Skip the images and return the records below exactly.

─── Data for this task ───

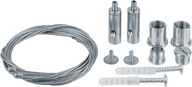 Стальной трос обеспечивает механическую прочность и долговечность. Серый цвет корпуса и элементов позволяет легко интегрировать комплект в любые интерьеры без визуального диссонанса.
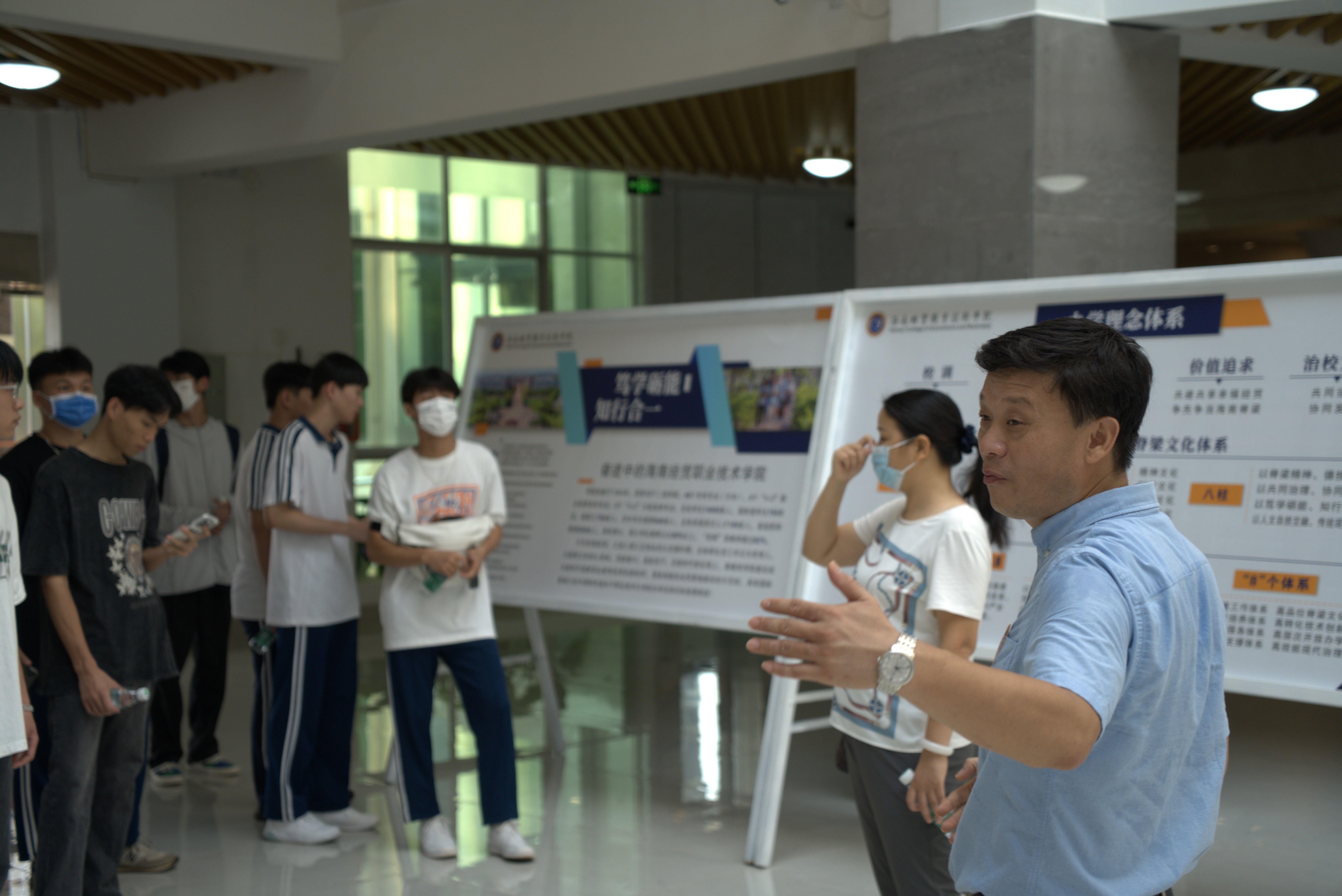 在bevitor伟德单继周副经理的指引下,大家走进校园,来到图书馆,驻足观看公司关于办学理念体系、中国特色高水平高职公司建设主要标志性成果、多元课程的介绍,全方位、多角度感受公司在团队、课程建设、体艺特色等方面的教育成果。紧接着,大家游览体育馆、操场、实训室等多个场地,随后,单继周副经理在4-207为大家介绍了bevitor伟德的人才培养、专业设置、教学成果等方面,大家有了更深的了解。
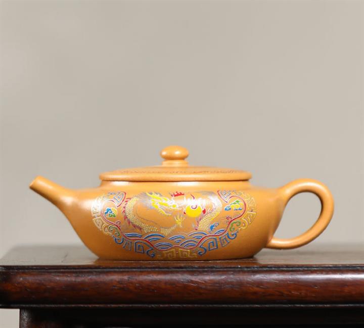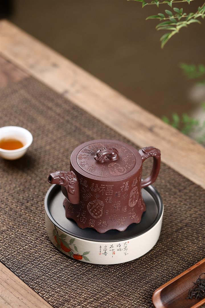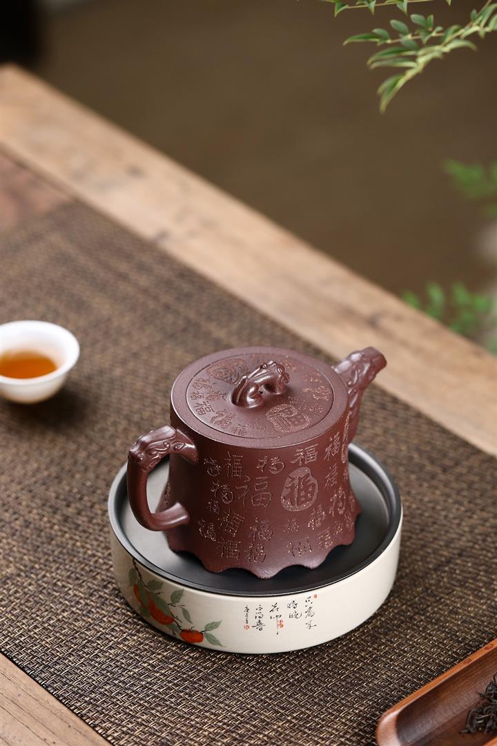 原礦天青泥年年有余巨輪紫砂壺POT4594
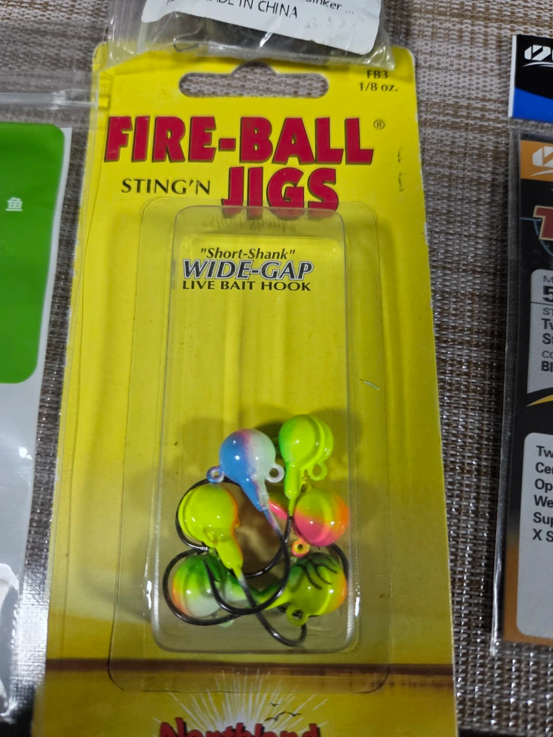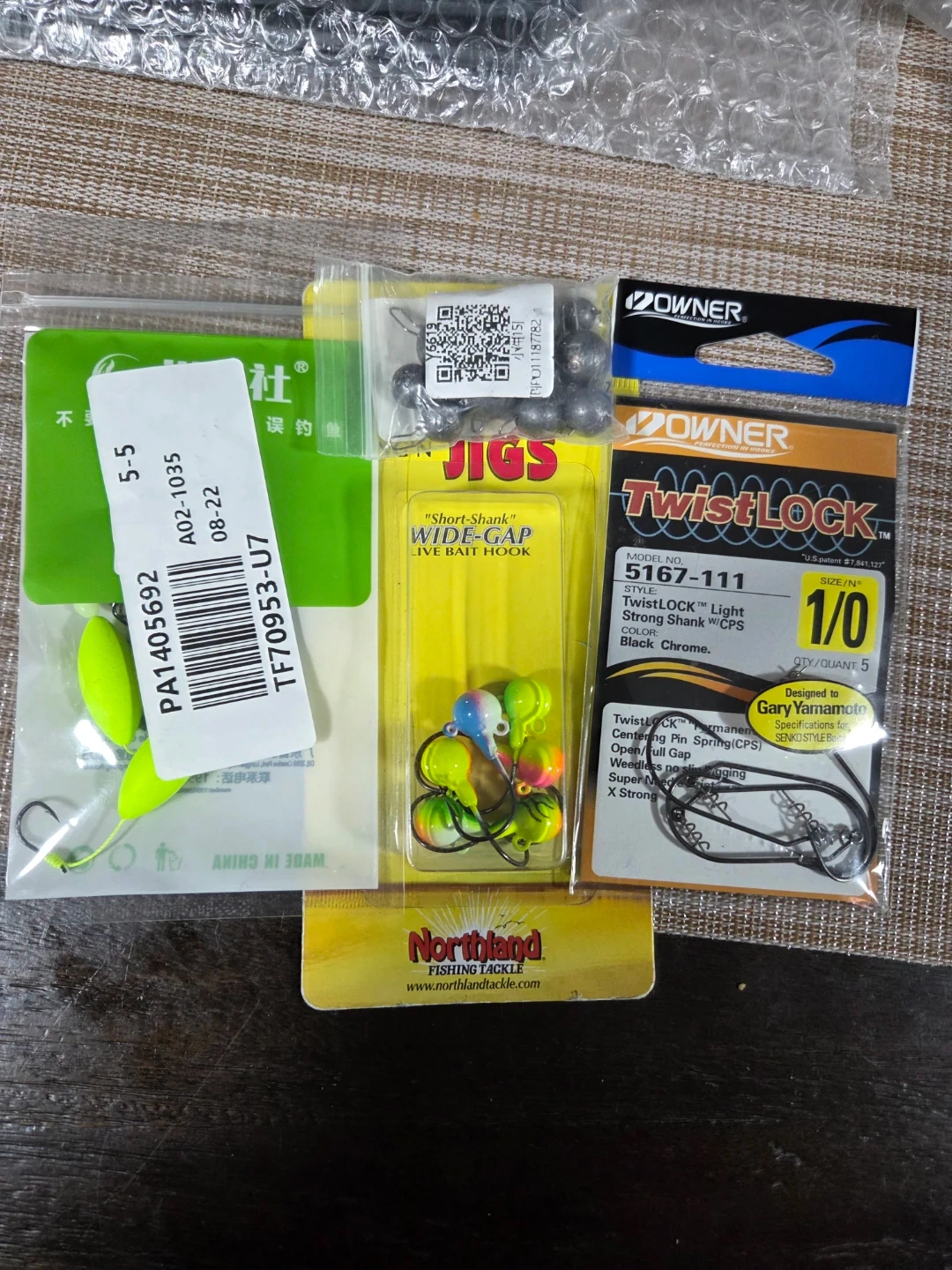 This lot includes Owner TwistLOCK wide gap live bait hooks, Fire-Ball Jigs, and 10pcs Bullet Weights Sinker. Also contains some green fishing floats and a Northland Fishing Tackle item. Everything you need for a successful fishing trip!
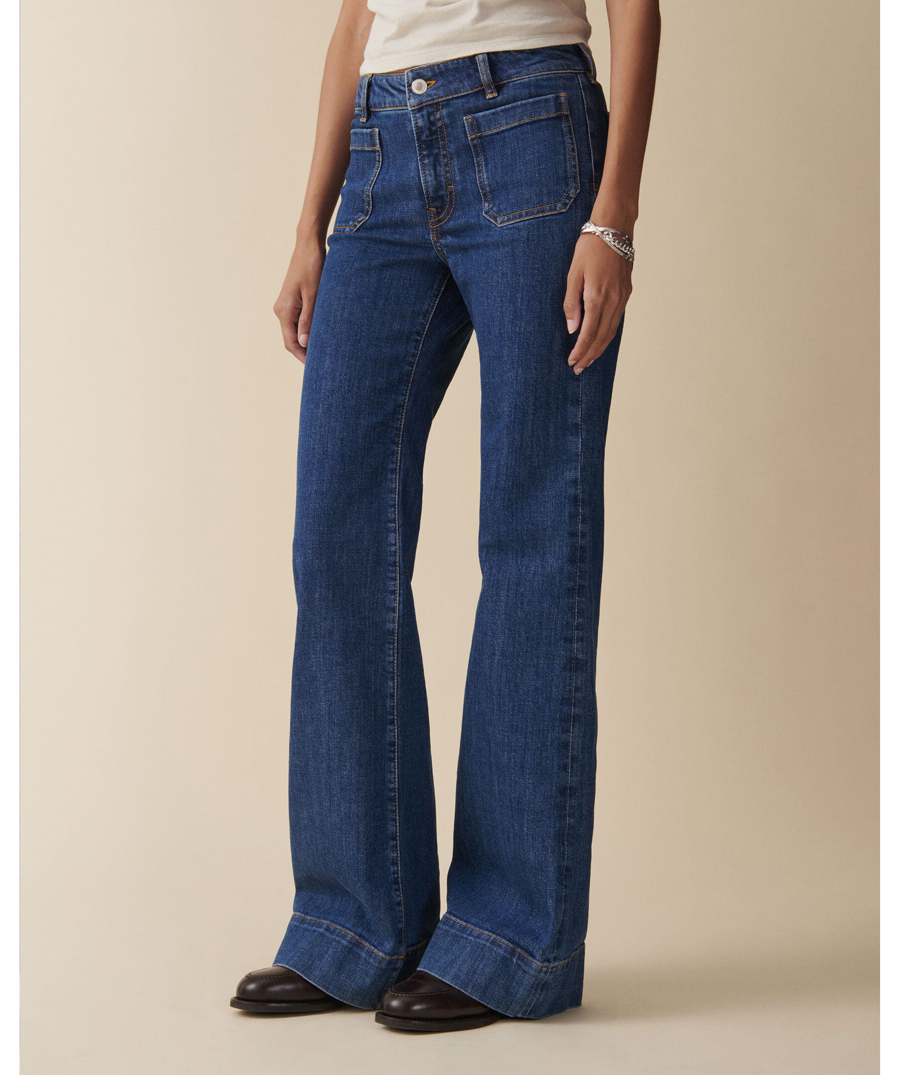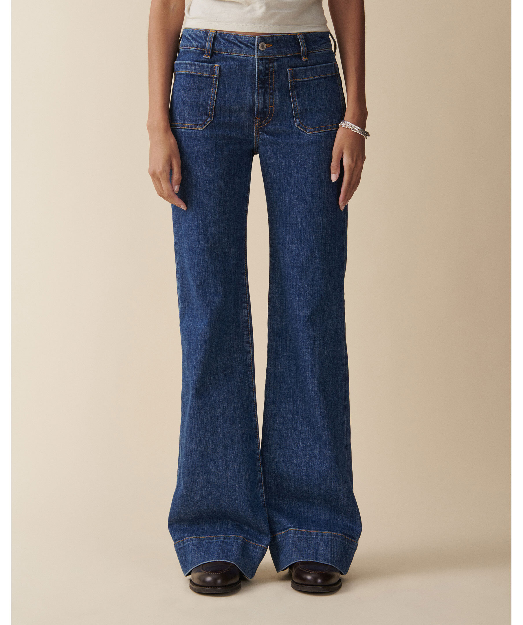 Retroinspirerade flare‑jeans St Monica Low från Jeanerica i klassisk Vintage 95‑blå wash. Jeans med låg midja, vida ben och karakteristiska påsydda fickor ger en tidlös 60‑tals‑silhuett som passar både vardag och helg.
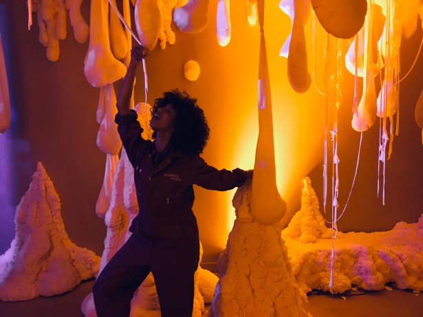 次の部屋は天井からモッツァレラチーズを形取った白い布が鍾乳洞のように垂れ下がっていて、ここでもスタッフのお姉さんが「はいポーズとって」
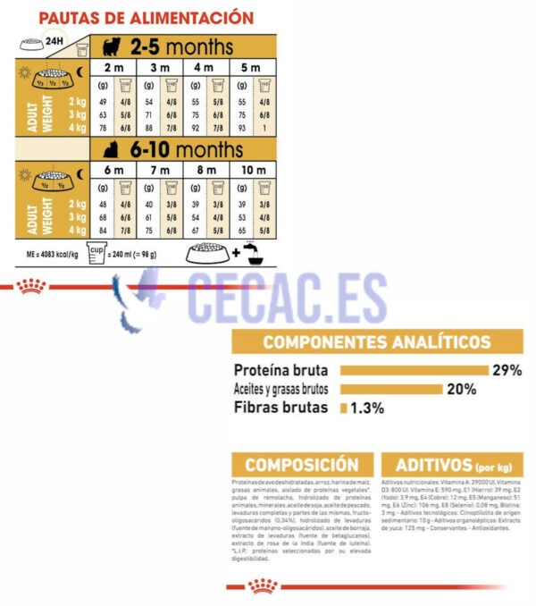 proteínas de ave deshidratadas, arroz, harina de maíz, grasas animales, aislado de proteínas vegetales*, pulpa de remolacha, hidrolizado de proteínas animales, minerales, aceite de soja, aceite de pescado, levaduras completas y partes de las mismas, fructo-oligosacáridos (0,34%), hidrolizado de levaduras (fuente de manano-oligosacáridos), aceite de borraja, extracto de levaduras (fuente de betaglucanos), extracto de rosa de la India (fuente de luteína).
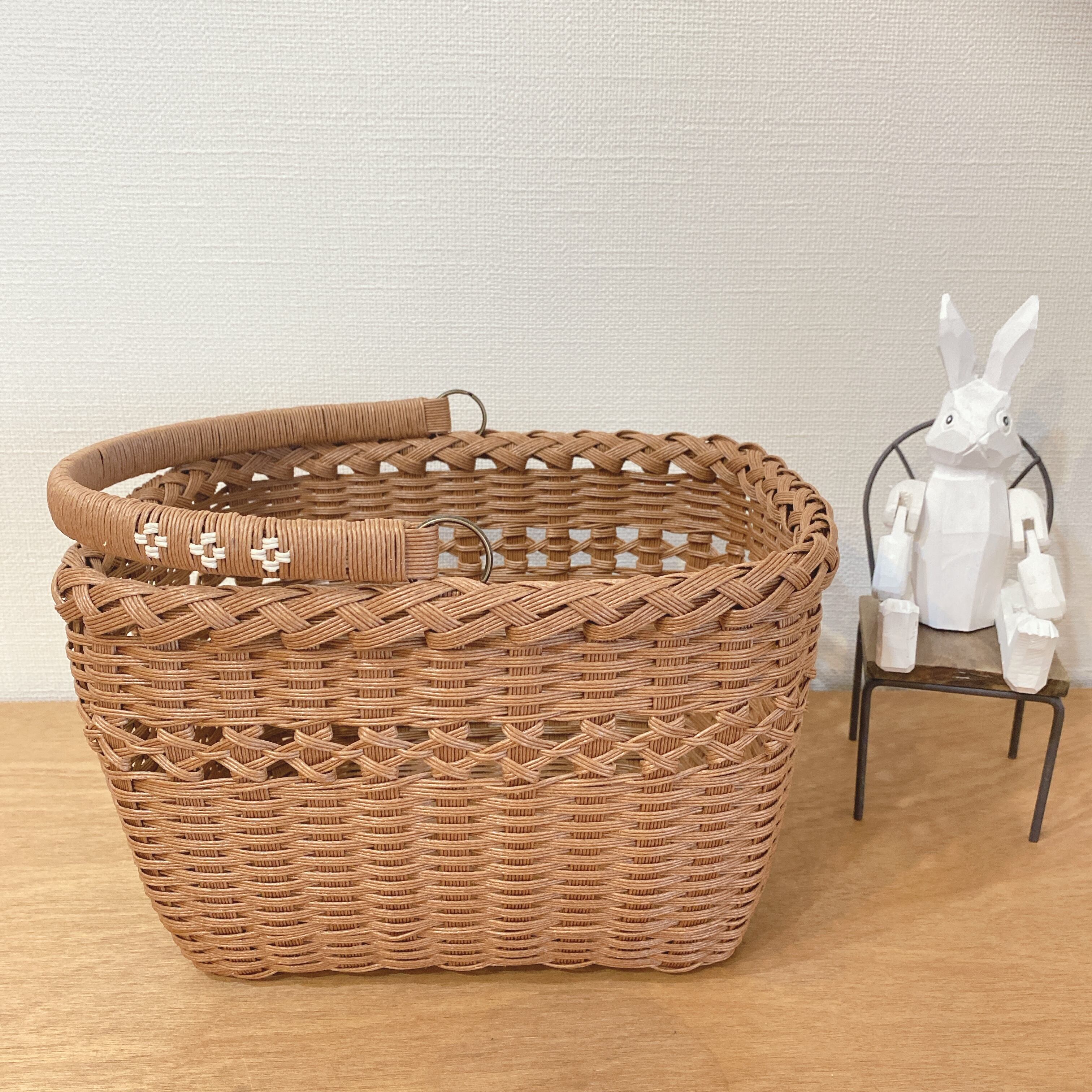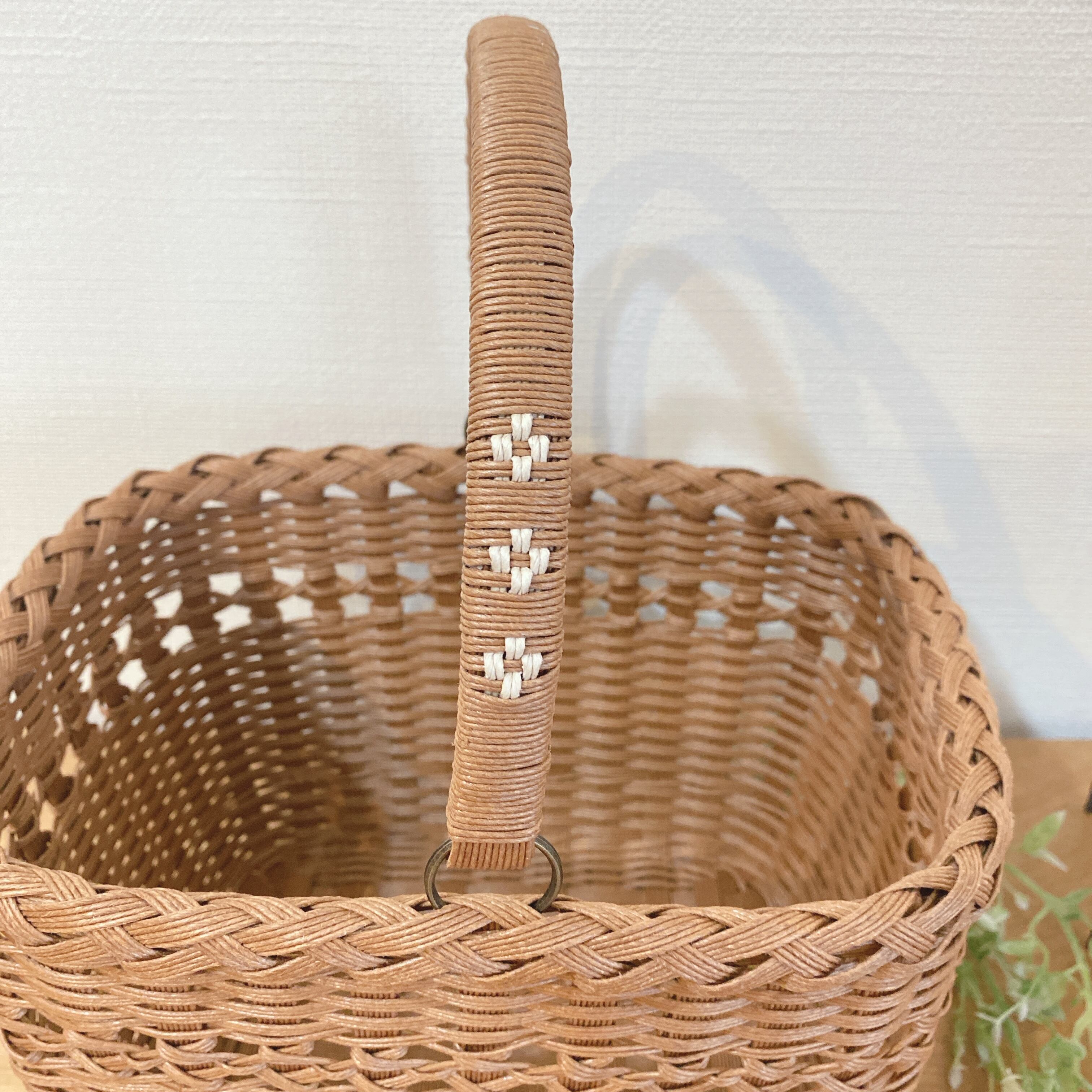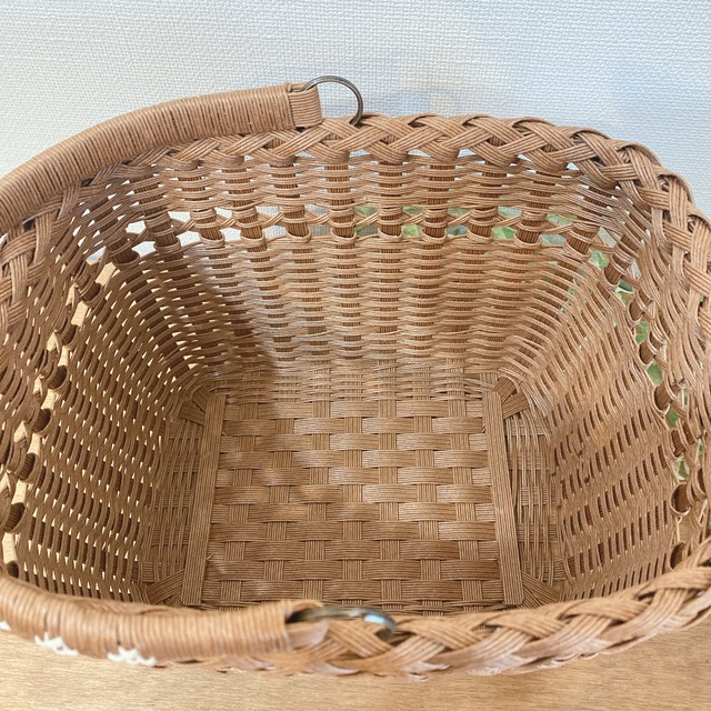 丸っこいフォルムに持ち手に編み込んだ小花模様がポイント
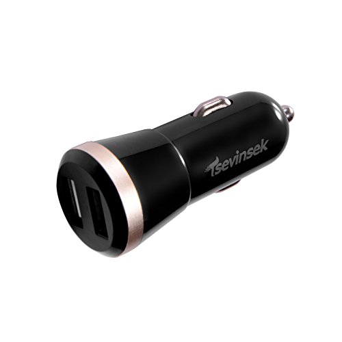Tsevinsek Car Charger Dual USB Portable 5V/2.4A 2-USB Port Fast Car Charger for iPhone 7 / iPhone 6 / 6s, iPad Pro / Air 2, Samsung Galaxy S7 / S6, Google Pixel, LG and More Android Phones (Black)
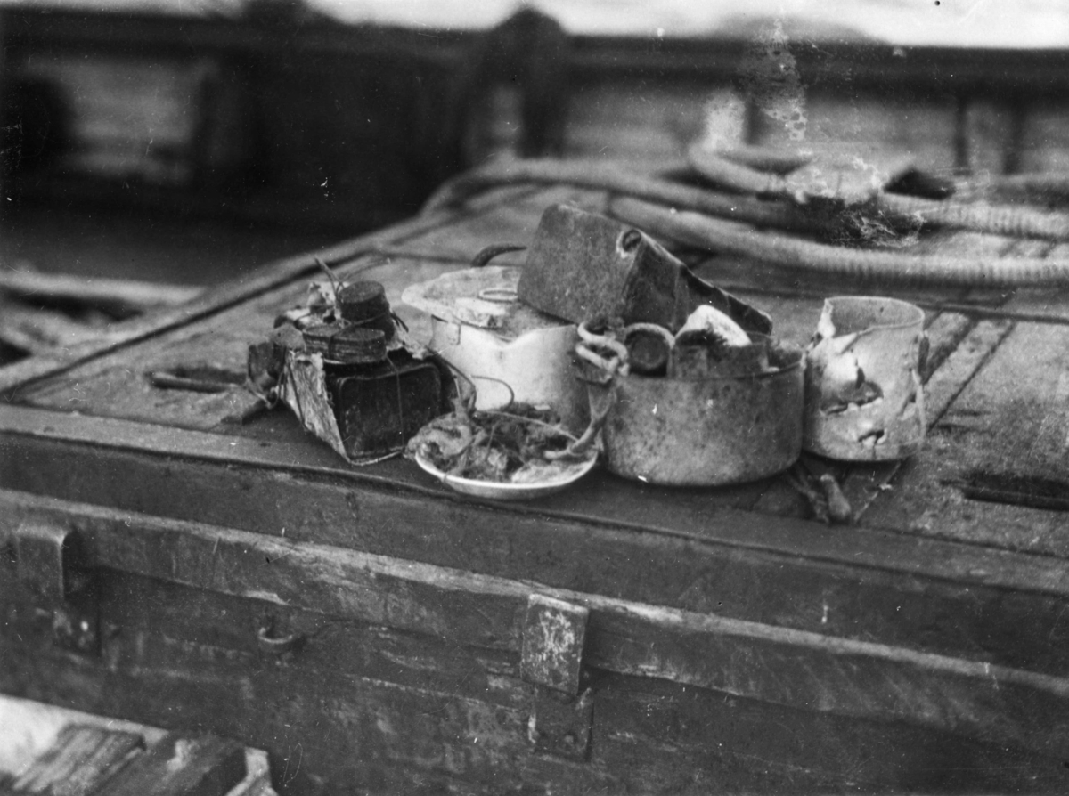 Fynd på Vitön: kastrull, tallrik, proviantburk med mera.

───

Answer space |
 Стальной трос обеспечивает механическую прочность и долговечность. Серый цвет корпуса и элементов позволяет легко интегрировать комплект в любые интерьеры без визуального диссонанса.
 在bevitor伟德单继周副经理的指引下,大家走进校园,来到图书馆,驻足观看公司关于办学理念体系、中国特色高水平高职公司建设主要标志性成果、多元课程的介绍,全方位、多角度感受公司在团队、课程建设、体艺特色等方面的教育成果。紧接着,大家游览体育馆、操场、实训室等多个场地,随后,单继周副经理在4-207为大家介绍了bevitor伟德的人才培养、专业设置、教学成果等方面,大家有了更深的了解。
 原礦天青泥年年有余巨輪紫砂壺POT4594
 This lot includes Owner TwistLOCK wide gap live bait hooks, Fire-Ball Jigs, and 10pcs Bullet Weights Sinker. Also contains some green fishing floats and a Northland Fishing Tackle item. Everything you need for a successful fishing trip!
 Retroinspirerade flare‑jeans St Monica Low från Jeanerica i klassisk Vintage 95‑blå wash. Jeans med låg midja, vida ben och karakteristiska påsydda fickor ger en tidlös 60‑tals‑silhuett som passar både vardag och helg.
 次の部屋は天井からモッツァレラチーズを形取った白い布が鍾乳洞のように垂れ下がっていて、ここでもスタッフのお姉さんが「はいポーズとって」
 proteínas de ave deshidratadas, arroz, harina de maíz, grasas animales, aislado de proteínas vegetales*, pulpa de remolacha, hidrolizado de proteínas animales, minerales, aceite de soja, aceite de pescado, levaduras completas y partes de las mismas, fructo-oligosacáridos (0,34%), hidrolizado de levaduras (fuente de manano-oligosacáridos), aceite de borraja, extracto de levaduras (fuente de betaglucanos), extracto de rosa de la India (fuente de luteína).
 丸っこいフォルムに持ち手に編み込んだ小花模様がポイント
Tsevinsek Car Charger Dual USB Portable 5V/2.4A 2-USB Port Fast Car Charger for iPhone 7 / iPhone 6 / 6s, iPad Pro / Air 2, Samsung Galaxy S7 / S6, Google Pixel, LG and More Android Phones (Black)
 Fynd på Vitön: kastrull, tallrik, proviantburk med mera.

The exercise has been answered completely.